Collection entries:

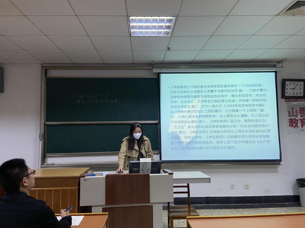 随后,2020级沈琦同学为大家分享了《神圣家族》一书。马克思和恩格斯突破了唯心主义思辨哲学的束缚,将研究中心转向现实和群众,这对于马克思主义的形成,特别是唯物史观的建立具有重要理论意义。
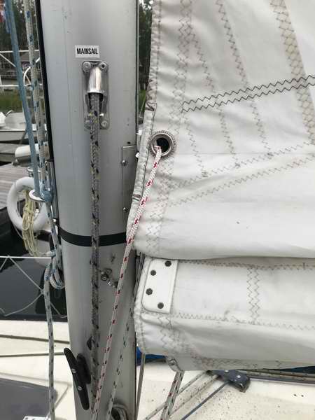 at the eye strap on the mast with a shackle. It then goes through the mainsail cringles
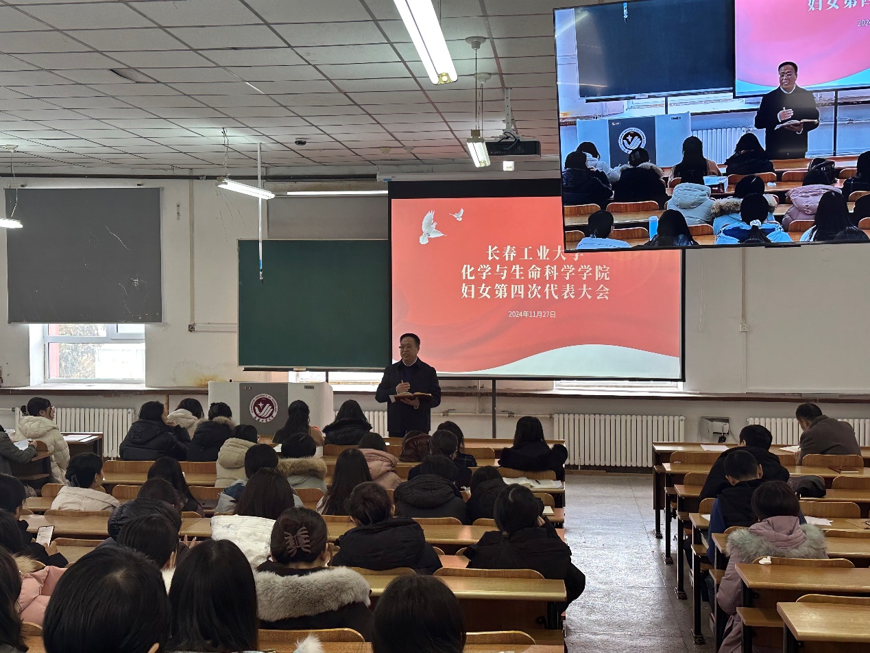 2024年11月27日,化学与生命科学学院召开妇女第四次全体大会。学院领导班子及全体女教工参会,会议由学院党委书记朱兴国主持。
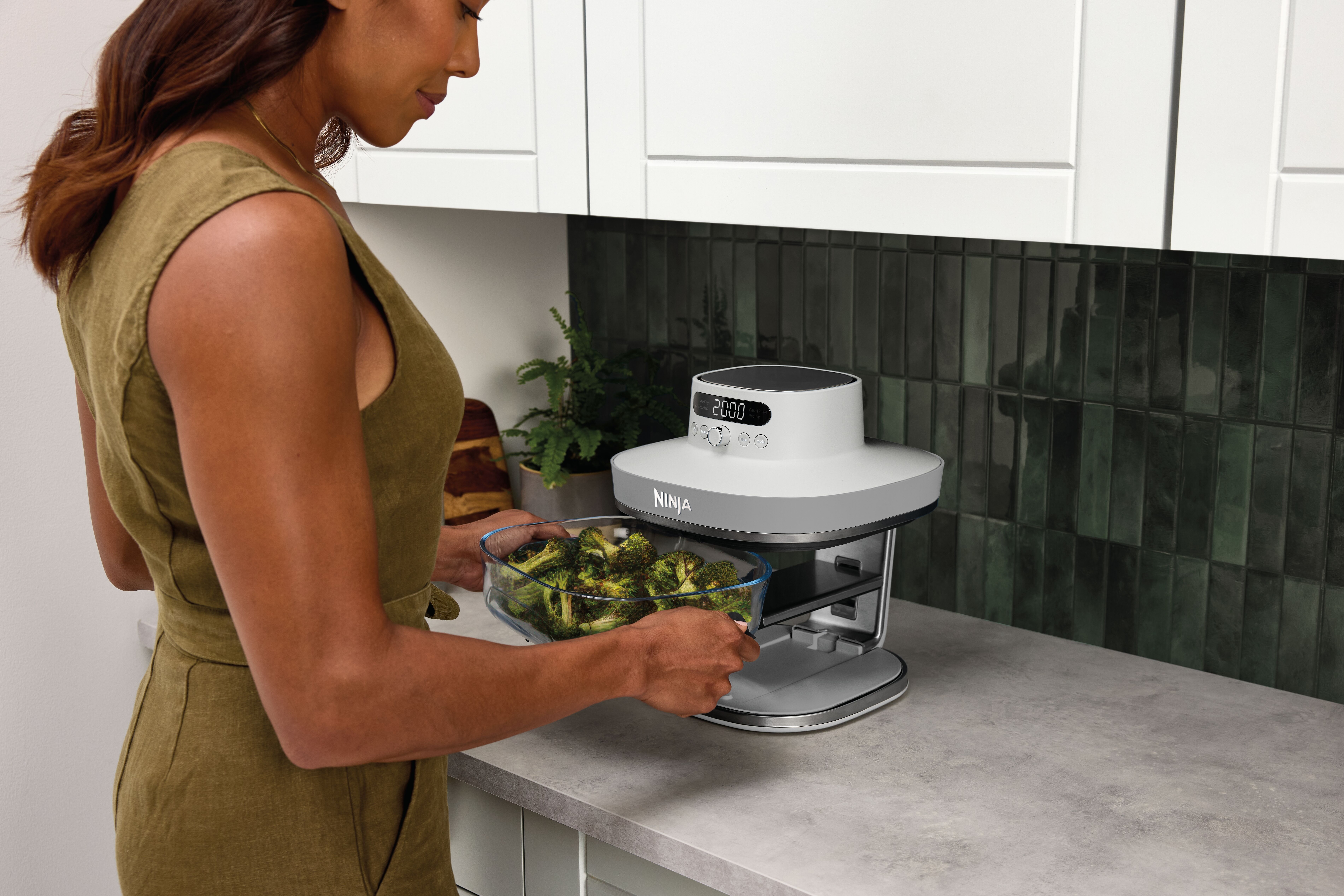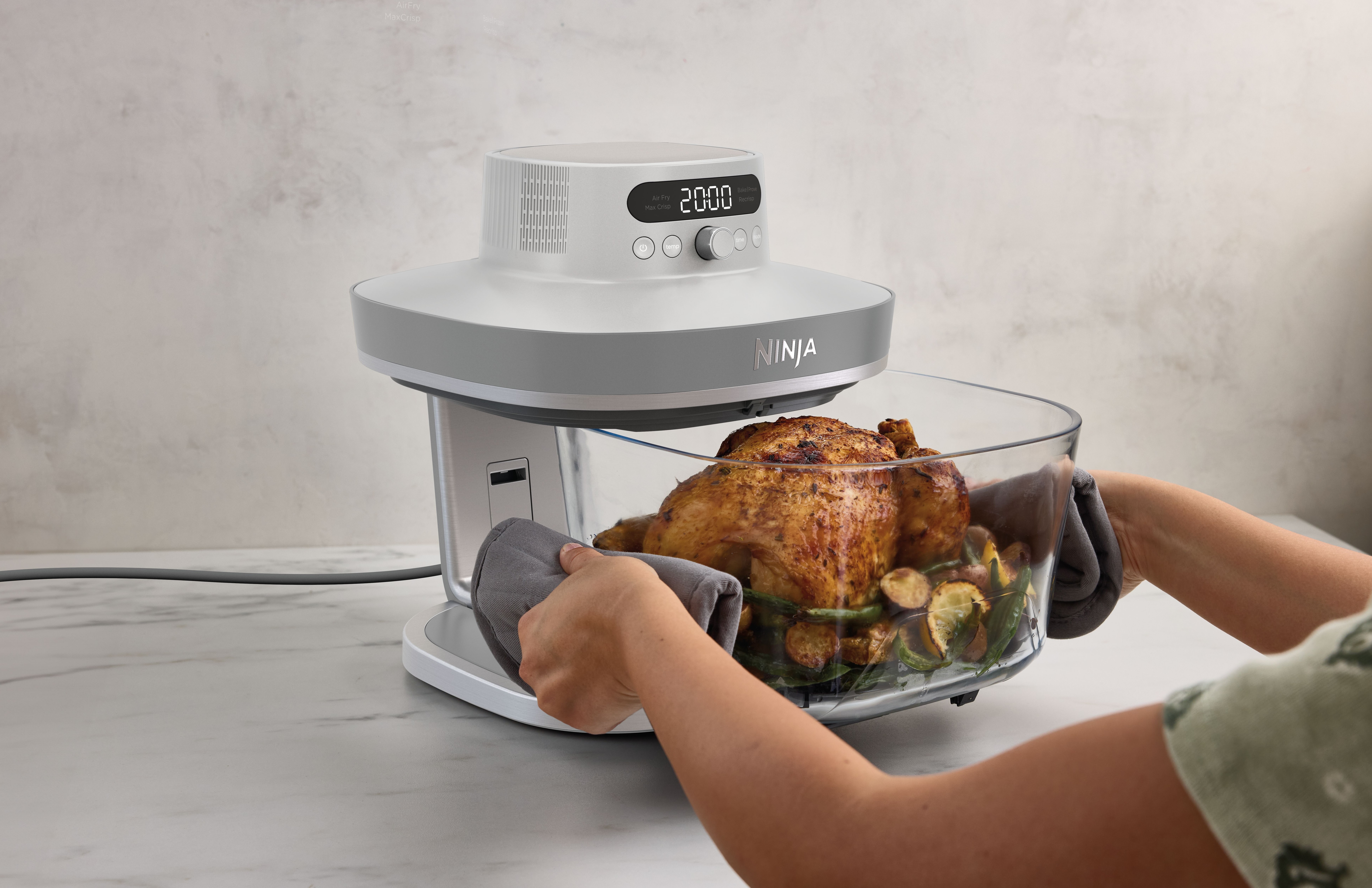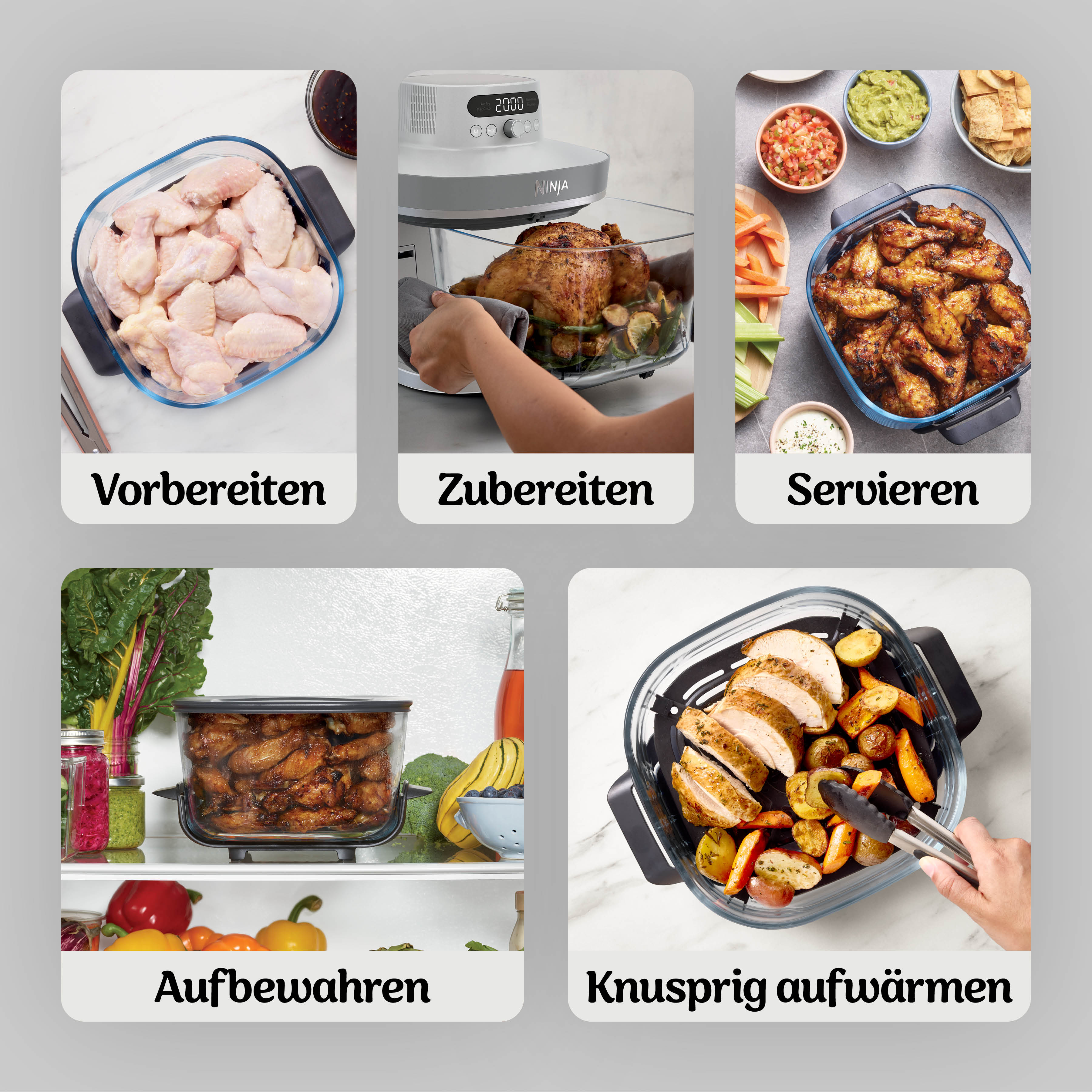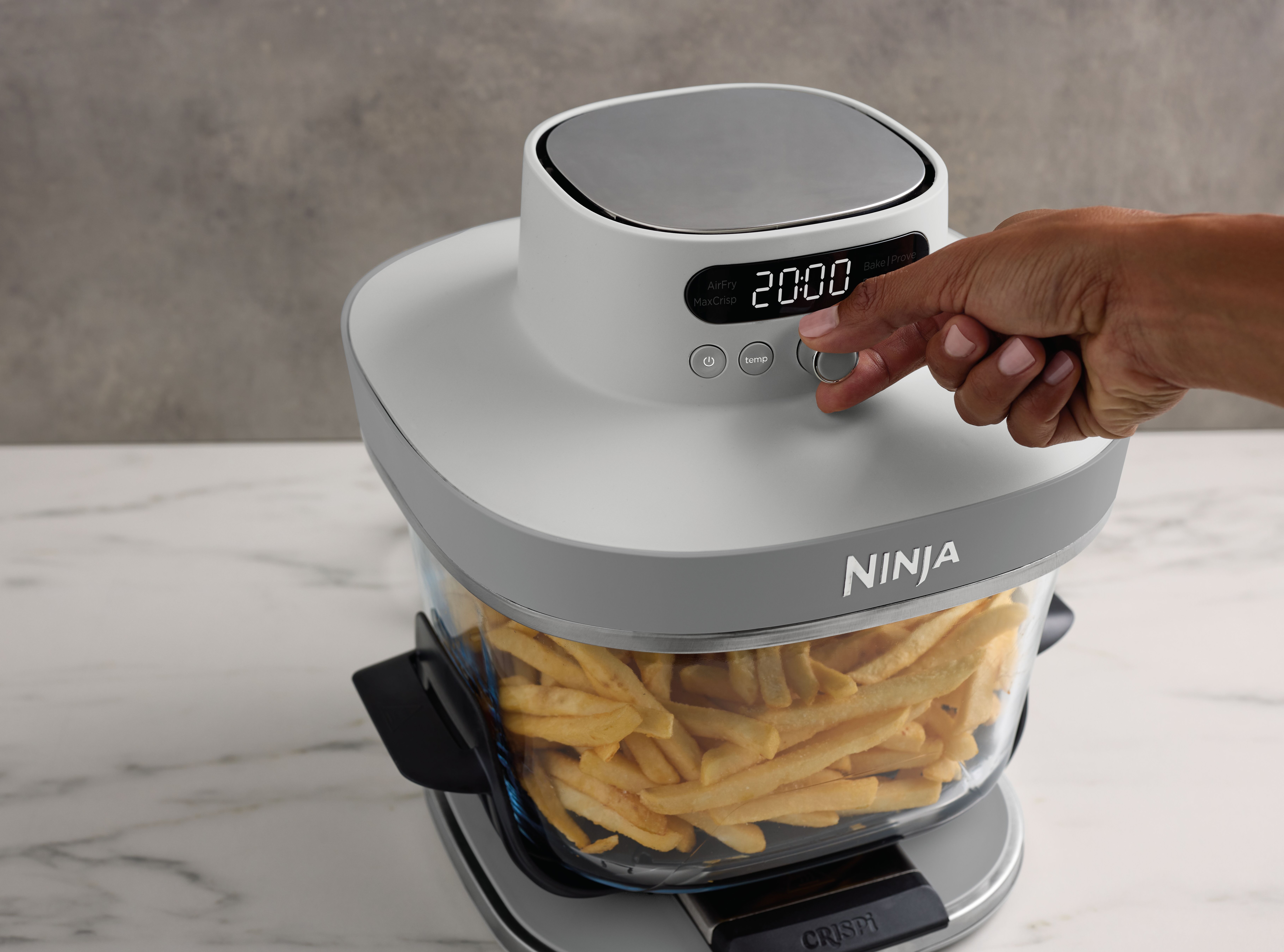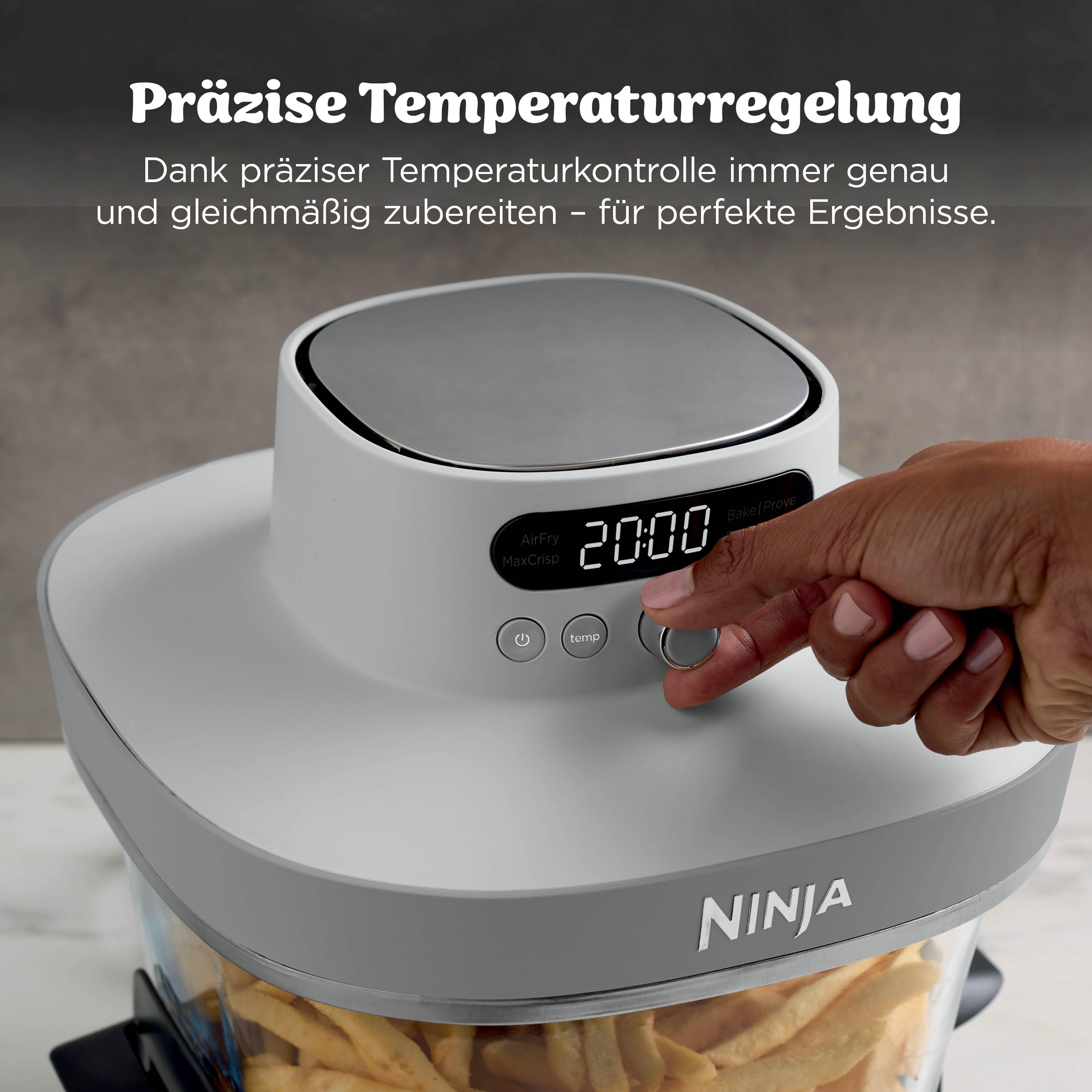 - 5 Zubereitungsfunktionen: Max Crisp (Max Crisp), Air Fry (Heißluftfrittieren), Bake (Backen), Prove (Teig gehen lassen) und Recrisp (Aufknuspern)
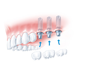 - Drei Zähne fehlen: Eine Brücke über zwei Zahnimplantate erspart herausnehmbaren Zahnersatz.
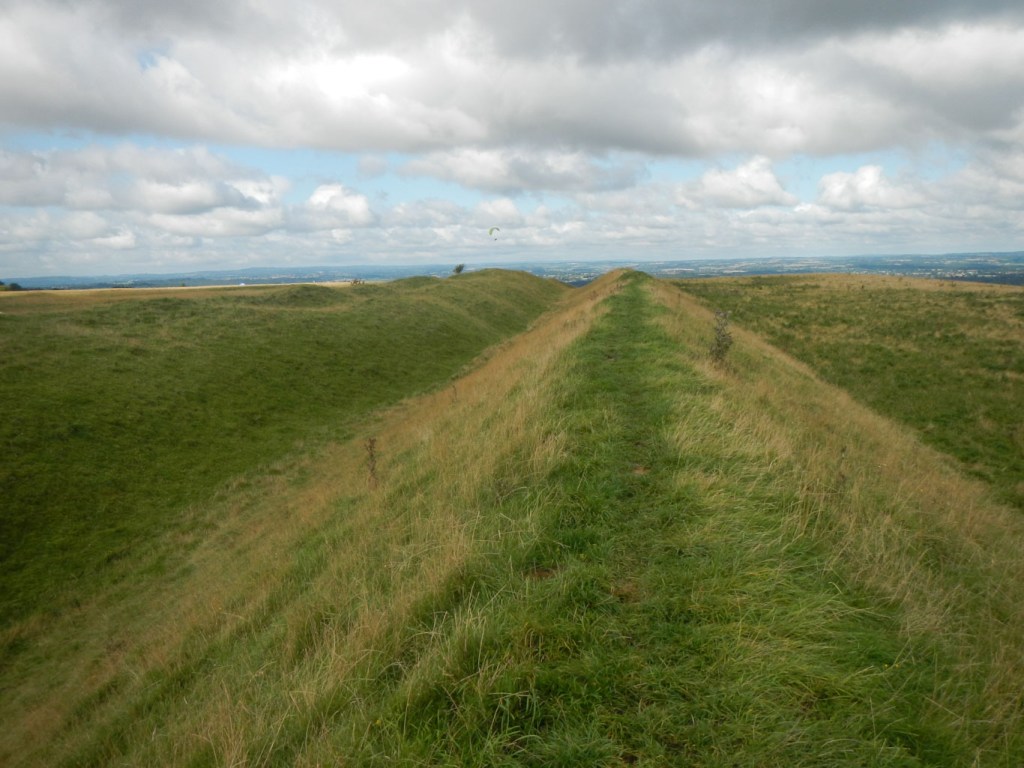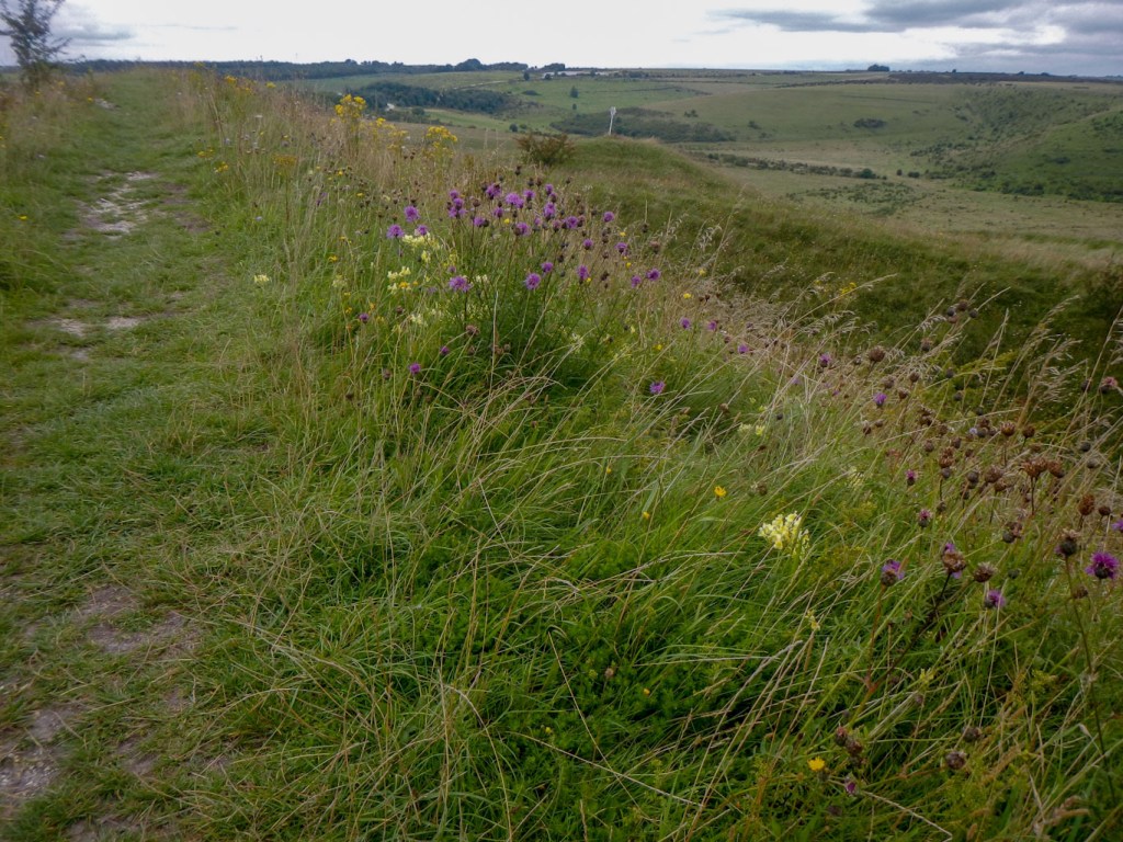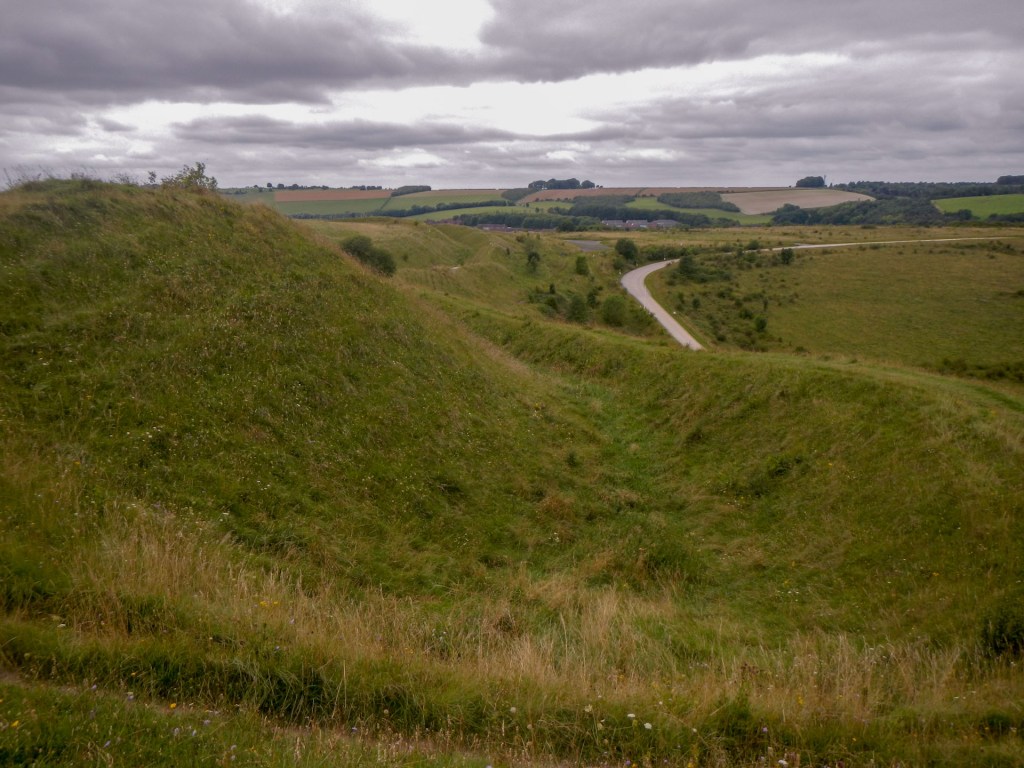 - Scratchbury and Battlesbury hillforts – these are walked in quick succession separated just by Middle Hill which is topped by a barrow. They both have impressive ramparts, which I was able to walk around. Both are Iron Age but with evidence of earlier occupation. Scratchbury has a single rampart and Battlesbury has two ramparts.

What you have to do
Write the entries above out in full, exactly, with no images.

Task answer
 随后,2020级沈琦同学为大家分享了《神圣家族》一书。马克思和恩格斯突破了唯心主义思辨哲学的束缚,将研究中心转向现实和群众,这对于马克思主义的形成,特别是唯物史观的建立具有重要理论意义。
 at the eye strap on the mast with a shackle. It then goes through the mainsail cringles
 2024年11月27日,化学与生命科学学院召开妇女第四次全体大会。学院领导班子及全体女教工参会,会议由学院党委书记朱兴国主持。
 - 5 Zubereitungsfunktionen: Max Crisp (Max Crisp), Air Fry (Heißluftfrittieren), Bake (Backen), Prove (Teig gehen lassen) und Recrisp (Aufknuspern)
 - Drei Zähne fehlen: Eine Brücke über zwei Zahnimplantate erspart herausnehmbaren Zahnersatz.
 - Scratchbury and Battlesbury hillforts – these are walked in quick succession separated just by Middle Hill which is topped by a barrow. They both have impressive ramparts, which I was able to walk around. Both are Iron Age but with evidence of earlier occupation. Scratchbury has a single rampart and Battlesbury has two ramparts.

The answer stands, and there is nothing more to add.